**What you have to do**
Only the lines from the top of the listing below through the line containing "White Swan Gray" should be output, exactly and with no pictures.

**Given entries**
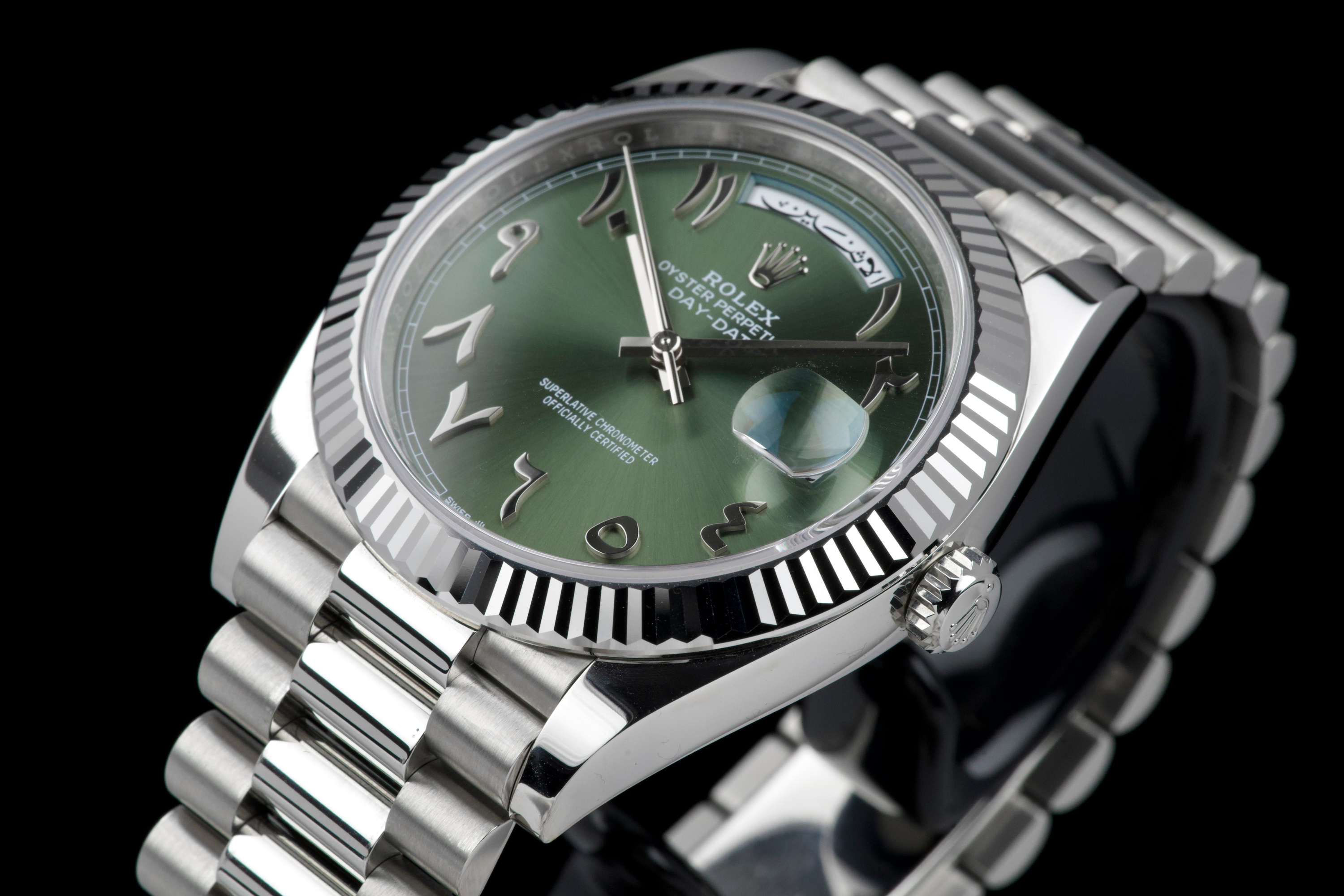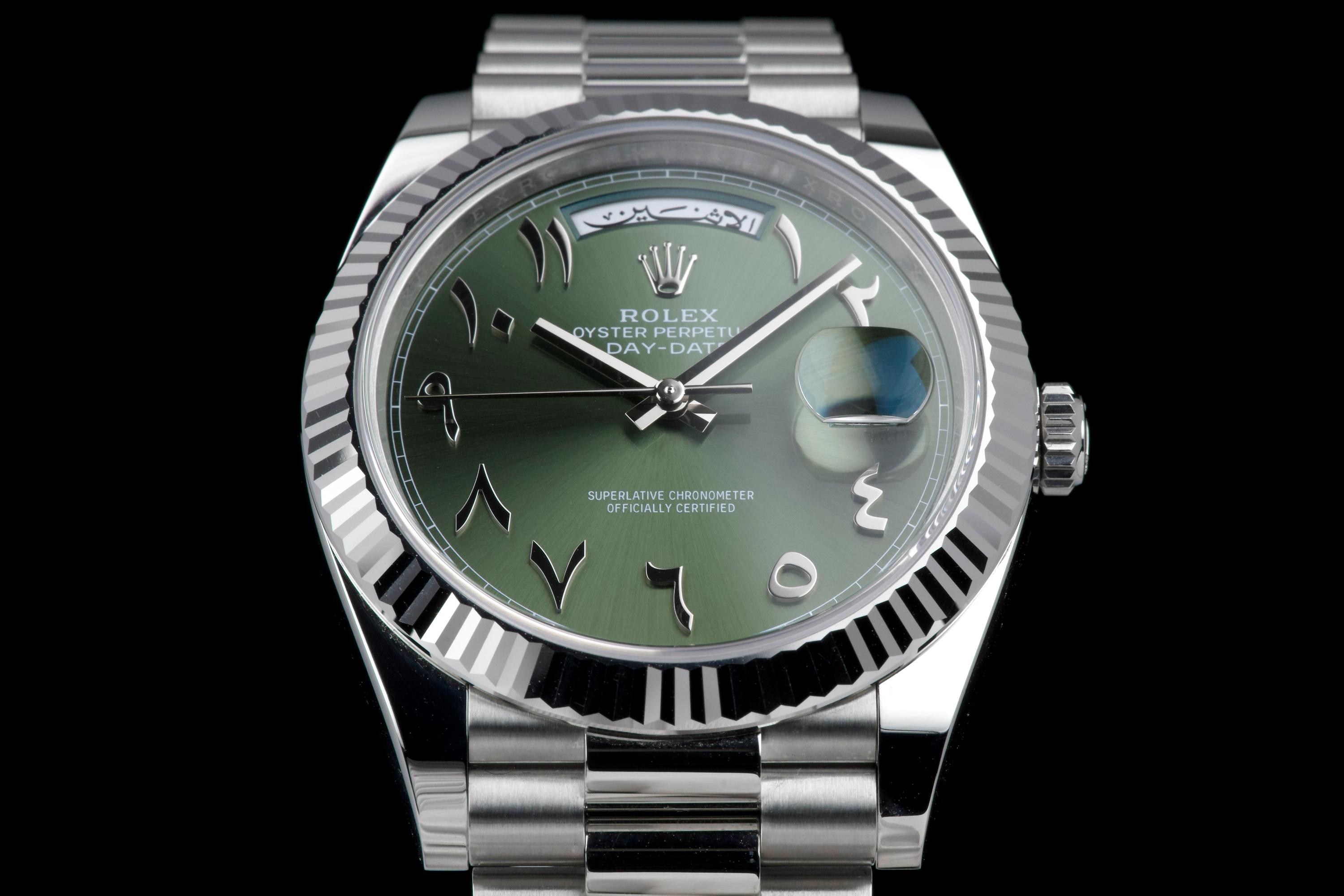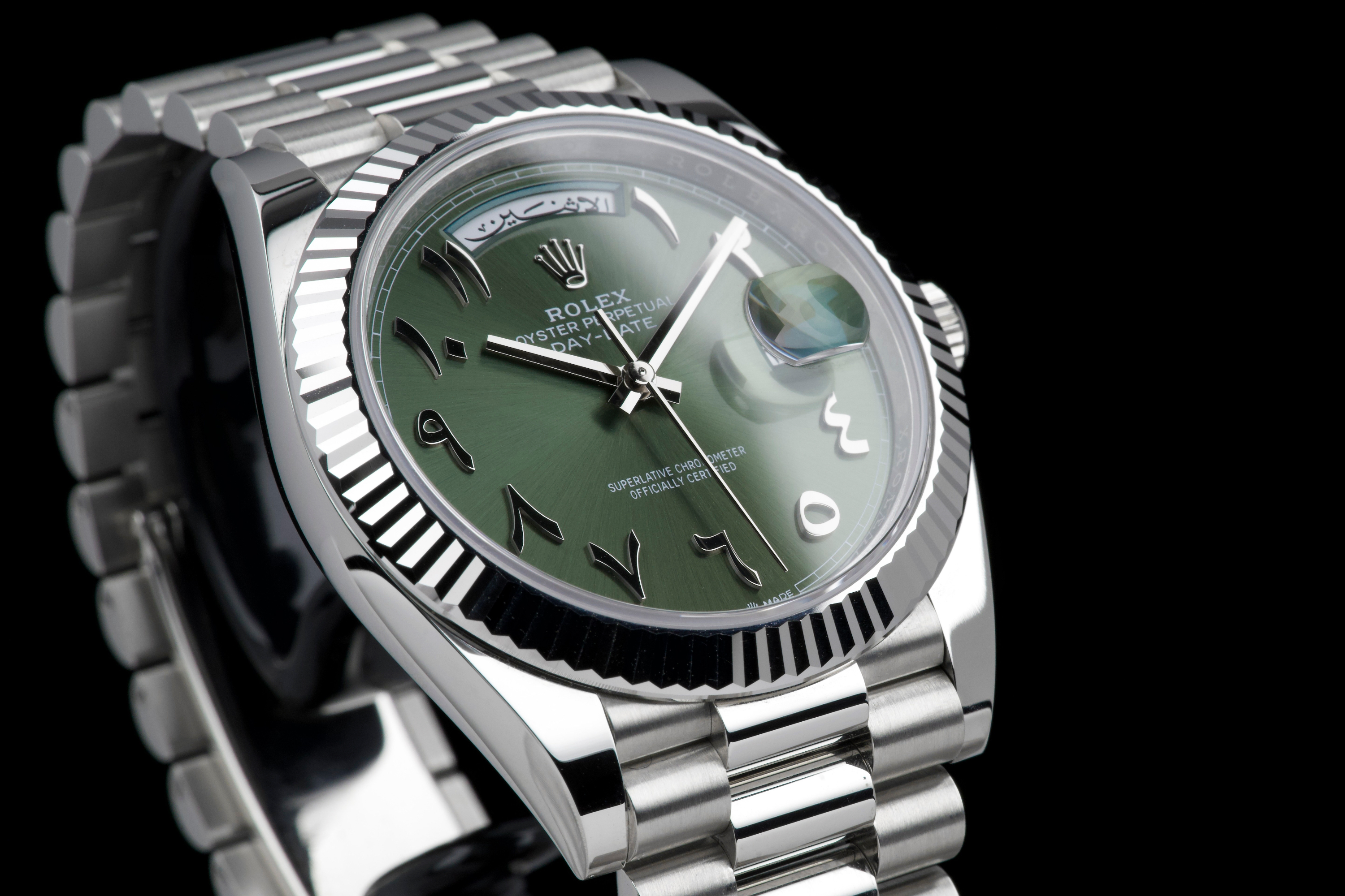 An exceptional and extremely rare platinum Day-Date 40, featuring the striking green dial with Arabic Eastern numerals — a configuration available only in select Middle Eastern markets. This new-generation Day-Date is fitted with the platinum fluted bezel, a feature introduced in 2022. The 40 mm case remains unpolished and in close-to-new condition, showing only the lightest signs of very careful use by its original owner. The platinum President bracelet is complete with all links. Powered by the Rolex caliber 3255, offering a 70-hour power reserve, Chronergy escapement, and Superlative Chronometer precision. Complete with its original box, warranty card, and accessories. A highly collectible modern Rolex, combining platinum construction, exclusive Arabic green dial, and the new-generation fluted bezel — one of the most desirable configurations of the Day-Date 40 and rarely available on the international market.
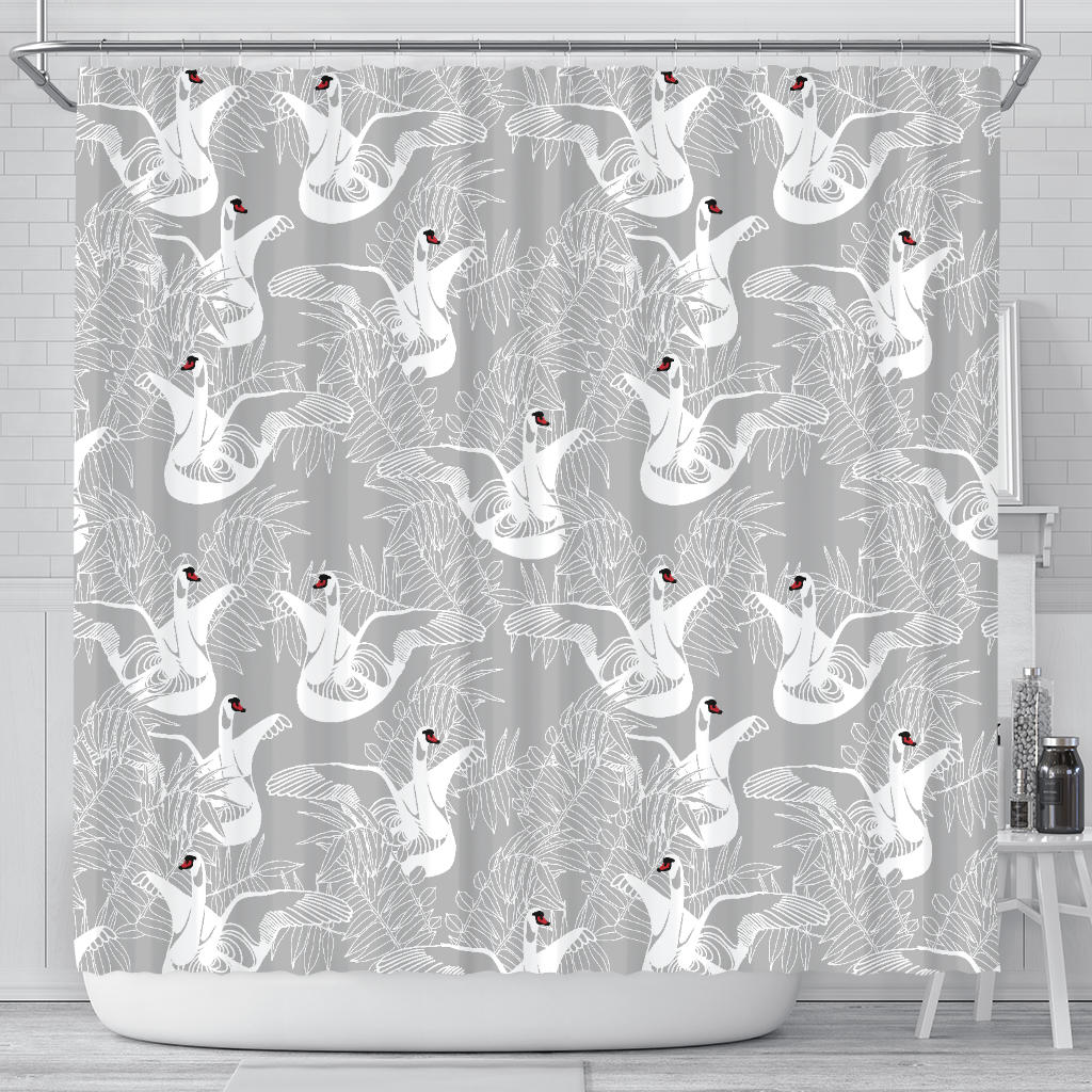 White Swan Gray Background Shower Curtain Fulfilled In US
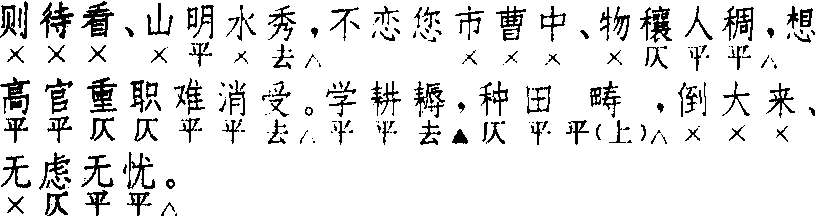 柳叶儿 柳叶儿不忽木“身卧糟丘”套  全曲六句:7 △,7 △,7 △。3 ▲,3 △,7 △。首二句有用叠字者,本曲《雍熙乐府》本:“则待要看山明山明水秀,不恋你市廛中物穰物穰人稠。”末句后有增一句者,关汉卿《望江亭》“你专医那枕冷衾寒”,句式同末句,仅此一例。亦入〔商调〕。与诸宫调不同。 ☚ 后庭花 青哥儿 ☛ 柳叶儿liǔyèr面片儿呈菱形的片儿汤。〔例〕演出从中午十二时开始,直到午夜,不备两餐,只供给一顿“柳叶儿”的夜宵(“柳叶儿”是面片切成柳叶形,浇以白肉氽卤)。(翁31) 柳叶儿〈隐〉明清江湖诸行指蒙古族人。见《新刻江湖切要·人物类》。 柳叶儿liǔ yè ér明清以来江湖社会谓蒙古族人。《新刻江湖切要·人物类》:“鞑子: 柳叶儿。”又 《切口·媒婆》:“柳叶儿:鞑子也。” |
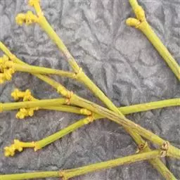 常绿小乔木,高约10米;树皮褐色,粗糙或有纵裂;枝圆柱状,带灰褐色,具条纹,有多数皮孔和半圆形的叶痕;多分枝,幼枝光滑无毛;小枝细长,淡绿色,节间稍肿大。
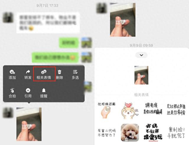 方法:长按表情包,点击【相关表情】,就会出现一堆相似表情包,选一个发送就不会冷场啦~
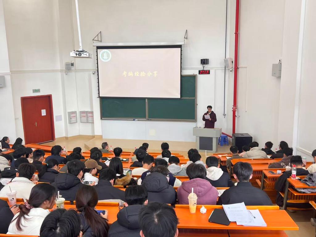 在考编经验分享环节,我院成功上岸的学生代表结合自身备考经历,从考编政策解读、复习计划制定、专业技能提升、面试技巧掌握等方面进行了全面分享。他毫无保留地介绍了备考过程中的重点难点及应对策略,提醒同学们要提前规划职业方向,夯实专业基础,保持积极心态,为在场有考编意向的同学提供了极具针对性的参考。
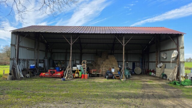Vous trouverez aussi un hangar agricole de 1200m² avec des panneaux photovoltaïques.
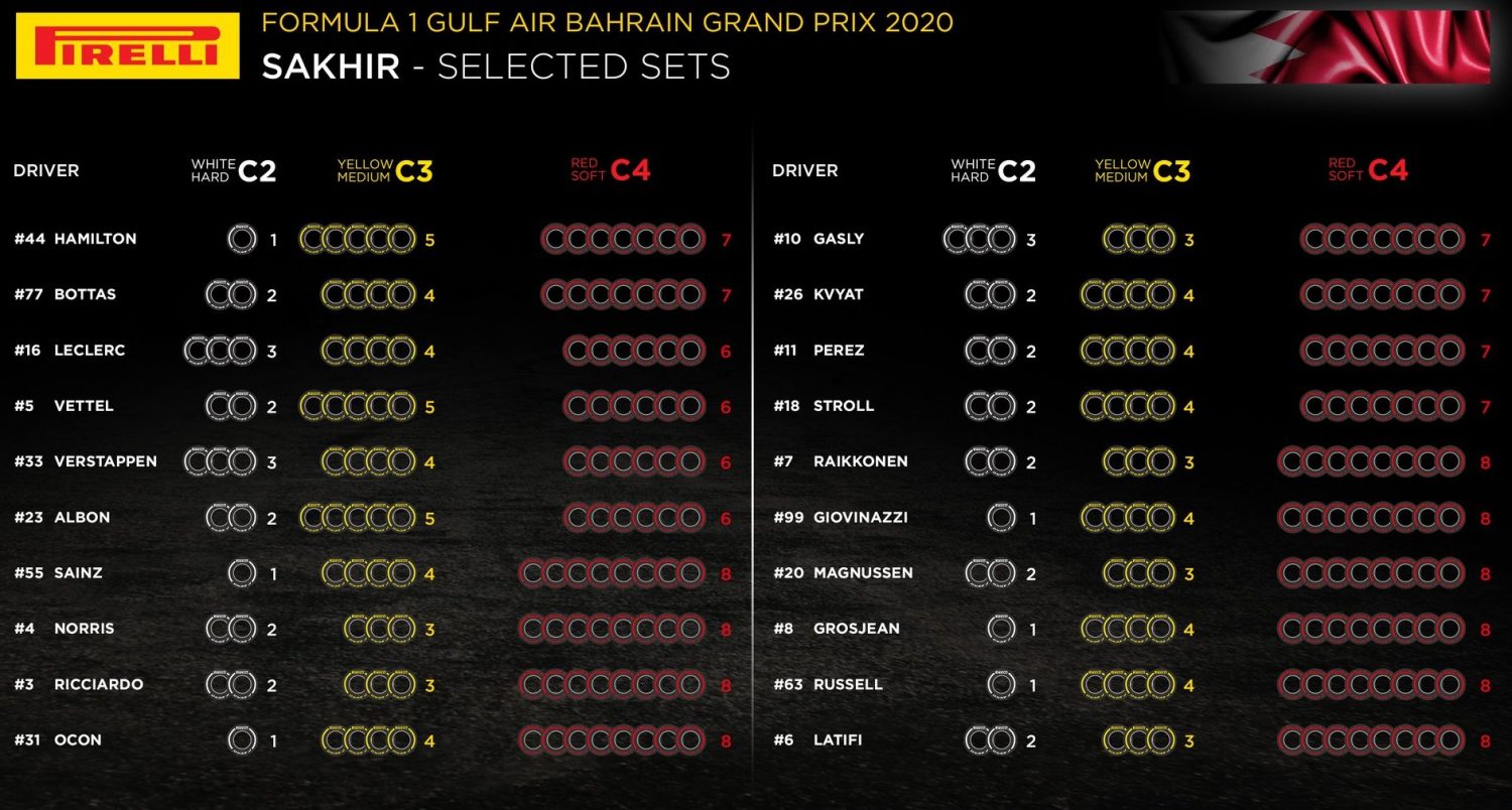 Furthermore, with regard to Pirelli's medium tyre, choices are staggered among the top teams' drivers, with Lewis Hamilton, Sebastian Vettel and Alex Albon set to received 5 sets of the yellow compound with their respective teammates taking on 4 sets of the C3 rubber.
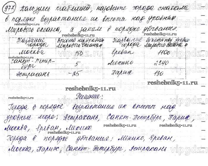 Готовая домашняя работа с ответами по Математике за 6 класс Виленкин, Жохов, Чесноков, Шварцбурд Учебник Мнемозина 2014 ФГОС - §5. Положительные и отрицательные числа 977
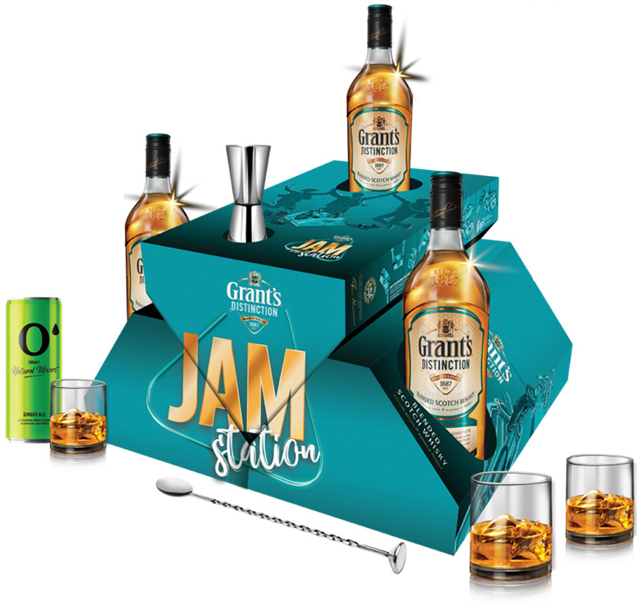 Inspired by the “few” who raise your game and fuel your drive to reach your goals, Grant’s Distinction Jam Station is a collection of three limited-edition packs that work as a single unit, which we like to call... The Ultimate DIY Bar! The three unique Grant’s Distinction packs come with a glass and a bar accessory each. A Measurer to gauge your appetite for success. A Bar Spoon to stir some magic into your ideas. A Mixer to help you ease things up. Each plays a major role in elevating your banter while you brainstorm with your buddies. Available in select markets, waiting to join your next jam session!
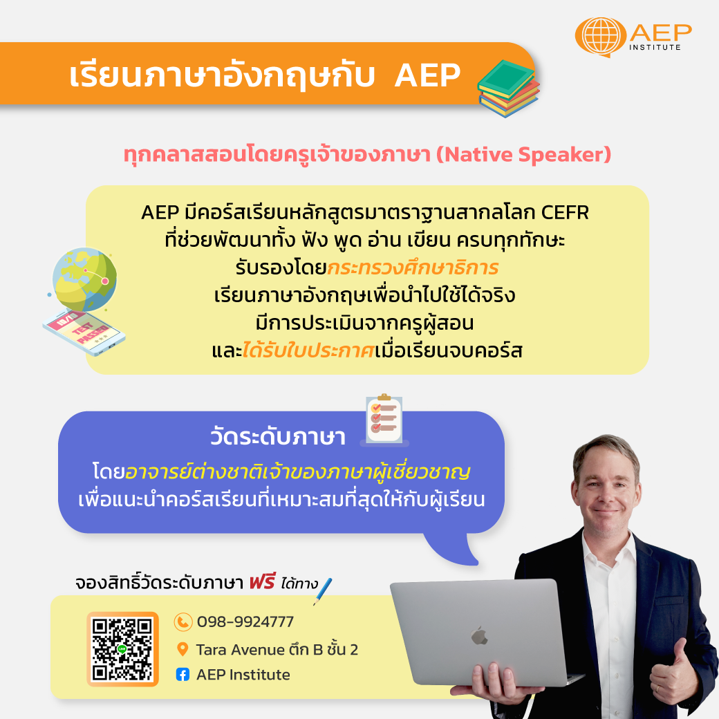 โรงเรียน AEP มีคอร์สเรียนที่สอนสดโดยครูเจ้าของภาษาทั้งหมด

**Written response**
 An exceptional and extremely rare platinum Day-Date 40, featuring the striking green dial with Arabic Eastern numerals — a configuration available only in select Middle Eastern markets. This new-generation Day-Date is fitted with the platinum fluted bezel, a feature introduced in 2022. The 40 mm case remains unpolished and in close-to-new condition, showing only the lightest signs of very careful use by its original owner. The platinum President bracelet is complete with all links. Powered by the Rolex caliber 3255, offering a 70-hour power reserve, Chronergy escapement, and Superlative Chronometer precision. Complete with its original box, warranty card, and accessories. A highly collectible modern Rolex, combining platinum construction, exclusive Arabic green dial, and the new-generation fluted bezel — one of the most desirable configurations of the Day-Date 40 and rarely available on the international market.
 White Swan Gray Background Shower Curtain Fulfilled In US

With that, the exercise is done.